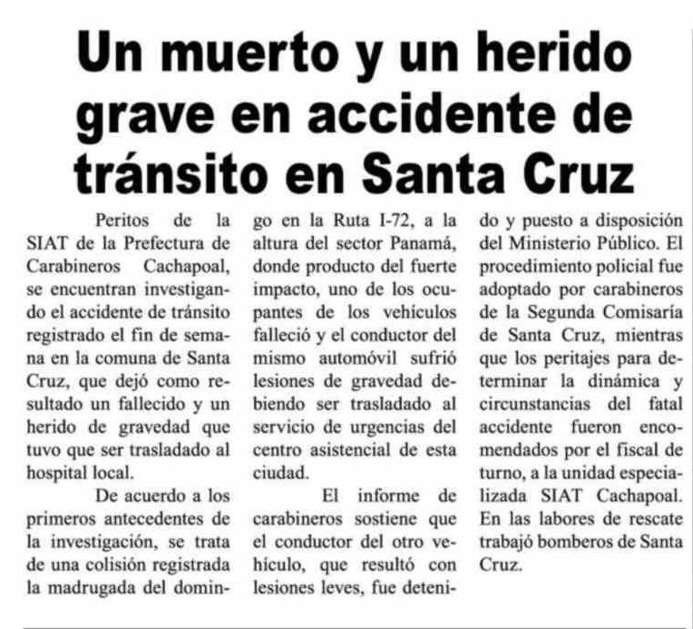 Un muerto y un herido grave en accidente de tránsito en Santa Cruz 10-06-2025 Diario VI Región |
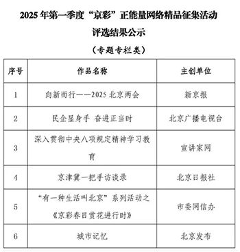网络宣传处推送作品入围2025 “京彩”正能量网络精品征集活动
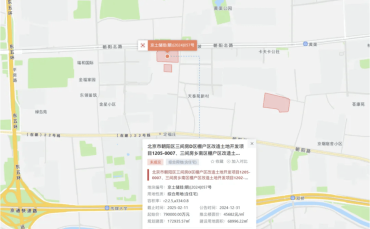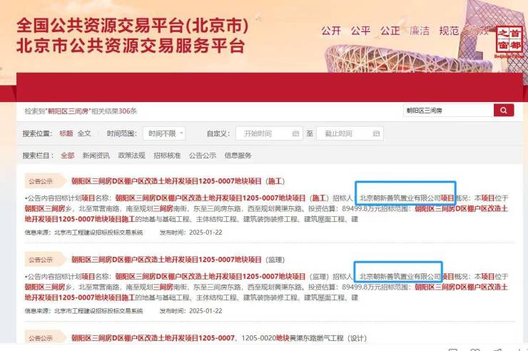 起因是今年1月22日北京市公共资源交易服务平台发布的招标公告。公告显示,“朝阳区三间房D区棚户区改造土地开发项目1205-0007地块项目(施工)”招标人是北京朝新善筑置业有限公司,预计招标公告发布日期为2月24日,投资估算为8.95亿元。
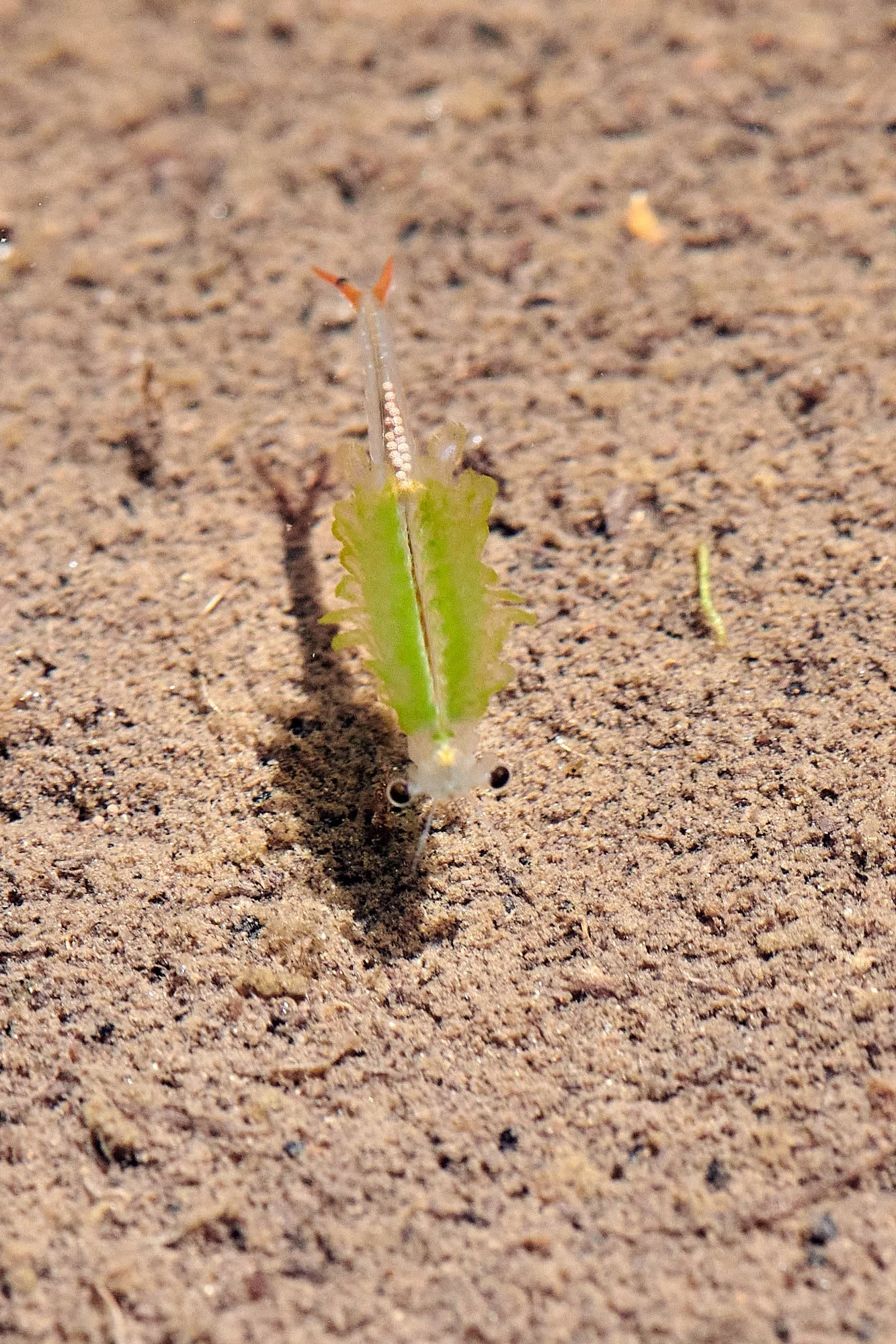 This female spiny-tailed fairy shrimp seemed to be burying her eggs in the soil.
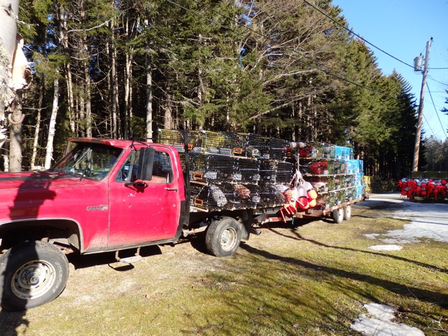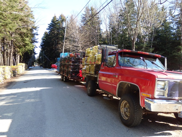 Bruce is out on the water as I am sitting in the library in N.E. Harbor, waiting for an appointment. Yesterday he asked if I’d take a photo of his lobster traps, ready to hit the water, to send to a fellow fisherman in Nova Scotia. Why not add them here as well, I thought. This is the first batch of what will eventually be 800 traps in the water. C’mon you hungry lobsters, start crawling!
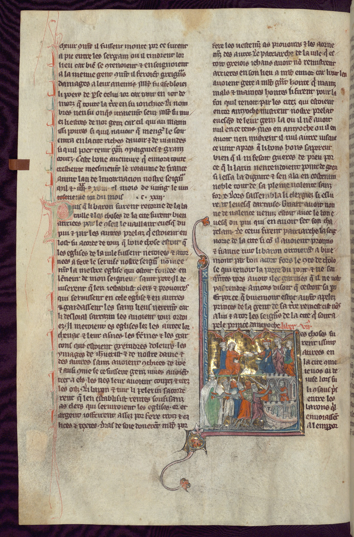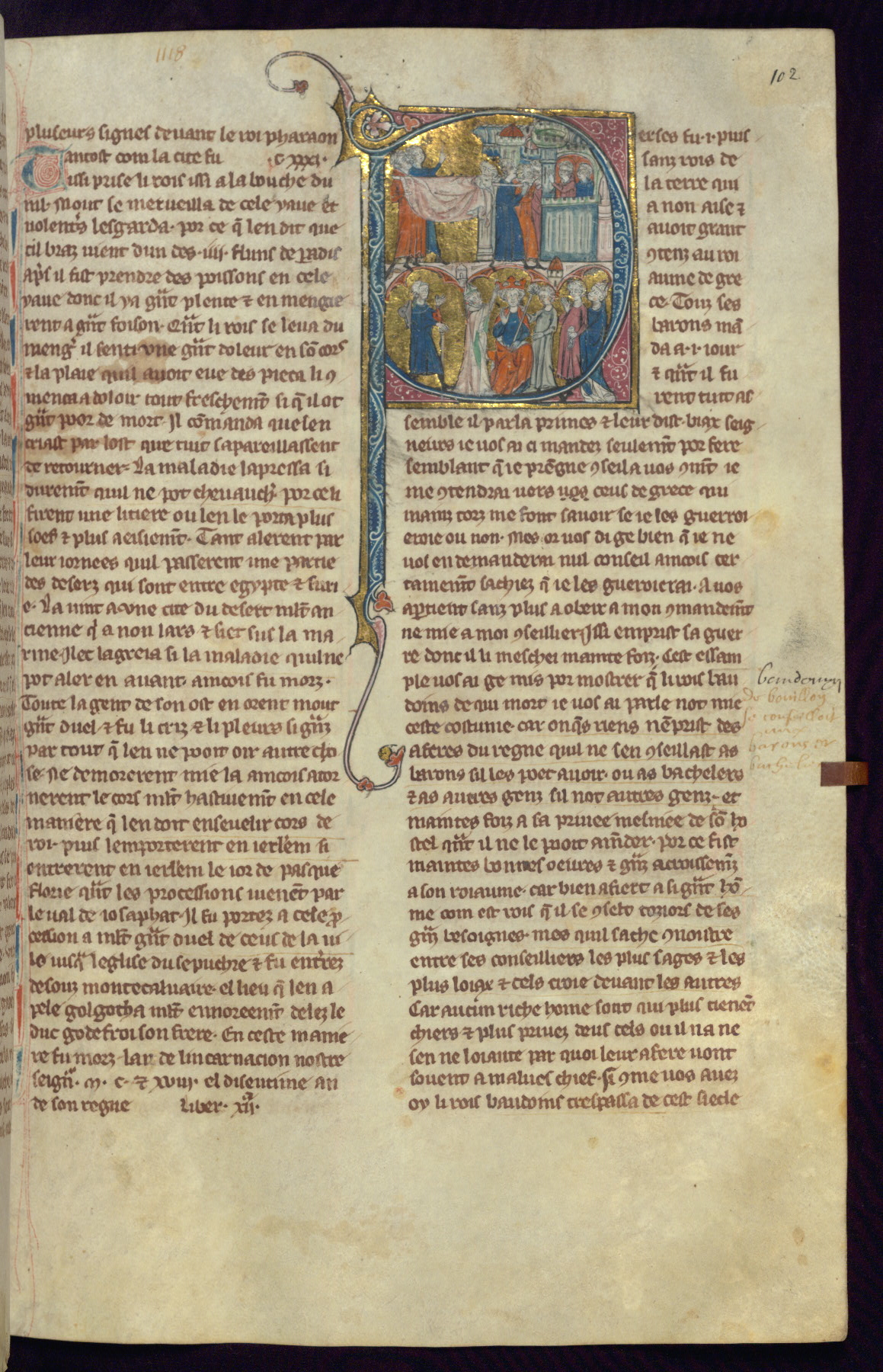- Title: Historiated initial "P" with Baldwin I returning to Jerusalem for burial on Palm Sunday, 118 AD / Coronation of Baldwin II at Bethlehem, messenger at left bringing news of Eustace of Boulogne's support of Baldwin II
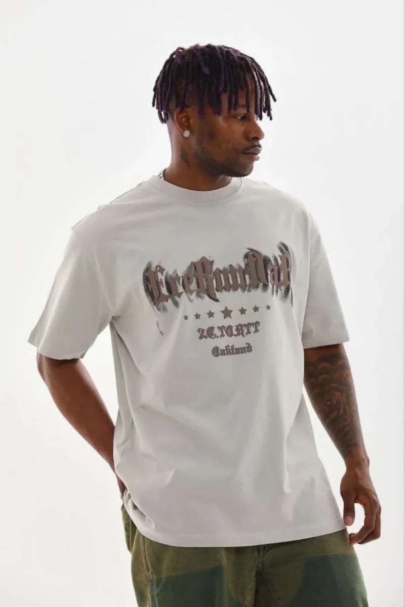 Erkek Baskılı T-Shirt Kısa Kol Bisiklet Yaka Regular Fit Rahat Kalıp Günlük Tişört - Gri
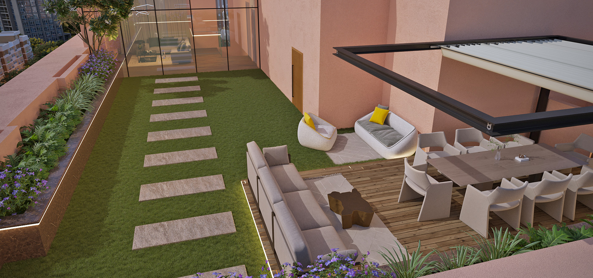 A private duplex with a terrace that extends beyond the home
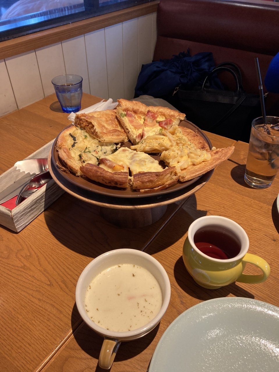 桜木町駅から徒歩でMARINE &WALKへ。友人が予約してくれて12時45分の回に行きました。ランチは11時、12時45分、14時45分の三部制。食べ放題のパイメニューは2ヶ月事に変わるみたいです。サラダかスープ、メインを選んで最初に当日のパイメニュー5種が人数分運ばれてきました。パイのおかわりは好きなパイ、個数で頼めました。ドリンクは同じものをおかわり可能。紅茶はホットからアイスも変更できました。パイのおかわりは2つ、マッケンチーズパイとミートソースグラタンパイにしました。デザート付で予約したためダッチアップルパイも食べて、食べ過ぎました。次の回の準備があるから仕方ないと思いますが、割と早く片づけられちゃうのでゆっくりできない雰囲気。ラインの友達登録で100円引になりました。
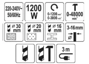 Максимальный диаметр сверления составляет 30 мм в дереве, 20 мм в бетоне и 16 мм в металле, что делает YT-82045 универсальным инструментом для широкого спектра задач. Вес дрели составляет 3,4 кг, что обеспечивает оптимальный баланс между мощностью и удобством использования.
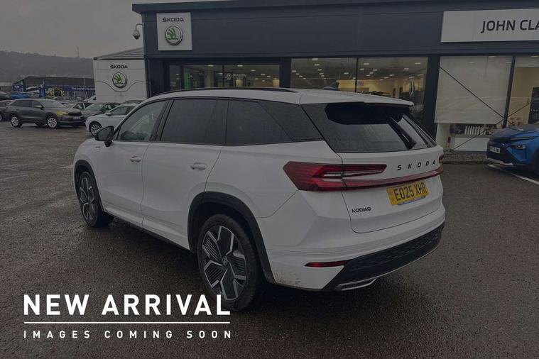 13" satellite navigation touchscreen display, Blind spot detection with door exit warning, Bluetooth system, ChatGPT functionality, Driver alert - Fatigue and drowsiness monitor, Dry display cleaner, Emergency call, Front and rear parking sensors, Front cross traffic assist, Lane assist, PAS, Rear traffic assist, Tailgate unlocking from outside, Traffic sign recognition, USB C Port x 2 in front centre console, Virtual Cockpit - 10.25" digital display, Voice control system, Wireless charging for two smartphones (15W) with cooling function, Wireless SmartLink for Apple CarPlay and Android Auto, Stop/start function, 2x USB-C in the rear, DAB Digital radio, Aero front windscreen wipers with intermittent function, Auto dimming rear view mirror, AWL (all weather lighting) and all weather light with cornering function, Black diffuser and decorative tailpipe with a unique dark chrome finish, Black roof rails, Black sports styling including front grille and window surrounds, Black wheel arch surrounds, Body colour door handles, Cornering light and poor weather light, Electric folding /adjustable/separted heated/folding door mirrors, auto dimming with boarding sports and memory function, Electric front and rear windows, Exterior black decorative trims, Front and rear sports bumpers including lower rear chrome strip, Gloss black door mirrors, Gloss black window frame and D pillar, Heat insulating glass in windshield, Heated rear window, Ice scraper in fuel tank cap, LED daytime running lights, LED third brake light in rear spoiler, Light assistant with automatic headlight control and coming home feature, Logo projection in door mirrors, Privacy glass, Rear roof spoiler, Rear side wing doors, Rear window wiper, Red decorative strip between rear LED lights, Safety reflectors on front and rear doors, Sportline badge on front fenders, Tailgate lettering in Black, Unique dark chrome design logo on alloy wheels, Window control switches with black trim, Windscreen wipers with rain sensor, Without engine designation, 1.5l bottle holder points in all door, 1x centre rear reading light, 2 seat bench in 3rd row, 3 configurable smart dials with 32mm coloured display, 3 seat bench in 2nd row, 4 foldable roof handles with rear coat hooks, Aluminium pedals, Ambient interior lighting - Dashboard, front-door stowage compartments, front and rear door panels and footwell lighting, Automatic gear selector on steering column, Chrome interior door handles, Driver/front passenger reading lights, Fabric headlining, Fixed bench 40:60:40 split folding backrests, Front and rear floor mats, Front centre armrest with jumbo box storage compartment, cup holder and 12V socket, Front sport seats, Height adjustable front headrests, Interior black decorative trims, Isofix child seat fittings in outer middle row rear seats and front passenger with top tether, Manually adjustable steering column, Pollen filter, Rear centre armrest with cupholders, Rear seat boot backrest release, Single front passenger seat, Skoda lettering on steering wheel, Storage pocket including mobile phone pockets on the backs of the front seats, Sunvisors with illuminated vanity mirrors, Three rear height adjustable headrests, Ticket holder on A Pillar, Tri zone climate control, Umbrella in door panel x1 made from sustainable materials, Upper and lower glovebox with card holder and coin compartment, USB C port by rear view mirror for charging only (15W), Acoustic package - Kodiaq, Performance package - Kodiaq, Sportline design selection pack - Kodiaq, Auto door release and activation of warning lights in the event of an accident, Driver and front passenger airbag with knee airbag and front passenger airbag deactivation, Electric child locks, Electronic parking brake, ESC (incl. ABS+EMD+MSR+ASR+EDL+HBA+DSR+RBS+ESBS+MCB+TSA+XDS), Front assist with braking reaction to vehicles, pedestrians and cyclists, Front disc brakes, Fuel cut off safety device, Height adjustable front 3 point seatbelts + pretensioners, Hill hold assist, Junction assist with automatic emergency braking, Rear disc brakes, Safety vest holder in door, Seat belt reminder for all seats, Three point rear seat belts, Two tone horn, Tyre pressure monitor, Alarm with interior monitoring and tilt sensor with safe function, Anti-theft wheel bolts, Immobiliser, Remote central locking with 2 keys, 20" Rila anthacite polished alloy wheel with black matte aero covers,

PROBLEM TO SOLVE:
Would you please copy the material exactly, leaving all the pictures out?

TASK RESPONSE:
 Un muerto y un herido grave en accidente de tránsito en Santa Cruz 10-06-2025 Diario VI Región |
网络宣传处推送作品入围2025 “京彩”正能量网络精品征集活动
 起因是今年1月22日北京市公共资源交易服务平台发布的招标公告。公告显示,“朝阳区三间房D区棚户区改造土地开发项目1205-0007地块项目(施工)”招标人是北京朝新善筑置业有限公司,预计招标公告发布日期为2月24日,投资估算为8.95亿元。
 This female spiny-tailed fairy shrimp seemed to be burying her eggs in the soil.
 Bruce is out on the water as I am sitting in the library in N.E. Harbor, waiting for an appointment. Yesterday he asked if I’d take a photo of his lobster traps, ready to hit the water, to send to a fellow fisherman in Nova Scotia. Why not add them here as well, I thought. This is the first batch of what will eventually be 800 traps in the water. C’mon you hungry lobsters, start crawling!
- Title: Historiated initial "P" with Baldwin I returning to Jerusalem for burial on Palm Sunday, 118 AD / Coronation of Baldwin II at Bethlehem, messenger at left bringing news of Eustace of Boulogne's support of Baldwin II
 Erkek Baskılı T-Shirt Kısa Kol Bisiklet Yaka Regular Fit Rahat Kalıp Günlük Tişört - Gri
 A private duplex with a terrace that extends beyond the home
 桜木町駅から徒歩でMARINE &WALKへ。友人が予約してくれて12時45分の回に行きました。ランチは11時、12時45分、14時45分の三部制。食べ放題のパイメニューは2ヶ月事に変わるみたいです。サラダかスープ、メインを選んで最初に当日のパイメニュー5種が人数分運ばれてきました。パイのおかわりは好きなパイ、個数で頼めました。ドリンクは同じものをおかわり可能。紅茶はホットからアイスも変更できました。パイのおかわりは2つ、マッケンチーズパイとミートソースグラタンパイにしました。デザート付で予約したためダッチアップルパイも食べて、食べ過ぎました。次の回の準備があるから仕方ないと思いますが、割と早く片づけられちゃうのでゆっくりできない雰囲気。ラインの友達登録で100円引になりました。
 Максимальный диаметр сверления составляет 30 мм в дереве, 20 мм в бетоне и 16 мм в металле, что делает YT-82045 универсальным инструментом для широкого спектра задач. Вес дрели составляет 3,4 кг, что обеспечивает оптимальный баланс между мощностью и удобством использования.
 13" satellite navigation touchscreen display, Blind spot detection with door exit warning, Bluetooth system, ChatGPT functionality, Driver alert - Fatigue and drowsiness monitor, Dry display cleaner, Emergency call, Front and rear parking sensors, Front cross traffic assist, Lane assist, PAS, Rear traffic assist, Tailgate unlocking from outside, Traffic sign recognition, USB C Port x 2 in front centre console, Virtual Cockpit - 10.25" digital display, Voice control system, Wireless charging for two smartphones (15W) with cooling function, Wireless SmartLink for Apple CarPlay and Android Auto, Stop/start function, 2x USB-C in the rear, DAB Digital radio, Aero front windscreen wipers with intermittent function, Auto dimming rear view mirror, AWL (all weather lighting) and all weather light with cornering function, Black diffuser and decorative tailpipe with a unique dark chrome finish, Black roof rails, Black sports styling including front grille and window surrounds, Black wheel arch surrounds, Body colour door handles, Cornering light and poor weather light, Electric folding /adjustable/separted heated/folding door mirrors, auto dimming with boarding sports and memory function, Electric front and rear windows, Exterior black decorative trims, Front and rear sports bumpers including lower rear chrome strip, Gloss black door mirrors, Gloss black window frame and D pillar, Heat insulating glass in windshield, Heated rear window, Ice scraper in fuel tank cap, LED daytime running lights, LED third brake light in rear spoiler, Light assistant with automatic headlight control and coming home feature, Logo projection in door mirrors, Privacy glass, Rear roof spoiler, Rear side wing doors, Rear window wiper, Red decorative strip between rear LED lights, Safety reflectors on front and rear doors, Sportline badge on front fenders, Tailgate lettering in Black, Unique dark chrome design logo on alloy wheels, Window control switches with black trim, Windscreen wipers with rain sensor, Without engine designation, 1.5l bottle holder points in all door, 1x centre rear reading light, 2 seat bench in 3rd row, 3 configurable smart dials with 32mm coloured display, 3 seat bench in 2nd row, 4 foldable roof handles with rear coat hooks, Aluminium pedals, Ambient interior lighting - Dashboard, front-door stowage compartments, front and rear door panels and footwell lighting, Automatic gear selector on steering column, Chrome interior door handles, Driver/front passenger reading lights, Fabric headlining, Fixed bench 40:60:40 split folding backrests, Front and rear floor mats, Front centre armrest with jumbo box storage compartment, cup holder and 12V socket, Front sport seats, Height adjustable front headrests, Interior black decorative trims, Isofix child seat fittings in outer middle row rear seats and front passenger with top tether, Manually adjustable steering column, Pollen filter, Rear centre armrest with cupholders, Rear seat boot backrest release, Single front passenger seat, Skoda lettering on steering wheel, Storage pocket including mobile phone pockets on the backs of the front seats, Sunvisors with illuminated vanity mirrors, Three rear height adjustable headrests, Ticket holder on A Pillar, Tri zone climate control, Umbrella in door panel x1 made from sustainable materials, Upper and lower glovebox with card holder and coin compartment, USB C port by rear view mirror for charging only (15W), Acoustic package - Kodiaq, Performance package - Kodiaq, Sportline design selection pack - Kodiaq, Auto door release and activation of warning lights in the event of an accident, Driver and front passenger airbag with knee airbag and front passenger airbag deactivation, Electric child locks, Electronic parking brake, ESC (incl. ABS+EMD+MSR+ASR+EDL+HBA+DSR+RBS+ESBS+MCB+TSA+XDS), Front assist with braking reaction to vehicles, pedestrians and cyclists, Front disc brakes, Fuel cut off safety device, Height adjustable front 3 point seatbelts + pretensioners, Hill hold assist, Junction assist with automatic emergency braking, Rear disc brakes, Safety vest holder in door, Seat belt reminder for all seats, Three point rear seat belts, Two tone horn, Tyre pressure monitor, Alarm with interior monitoring and tilt sensor with safe function, Anti-theft wheel bolts, Immobiliser, Remote central locking with 2 keys, 20" Rila anthacite polished alloy wheel with black matte aero covers,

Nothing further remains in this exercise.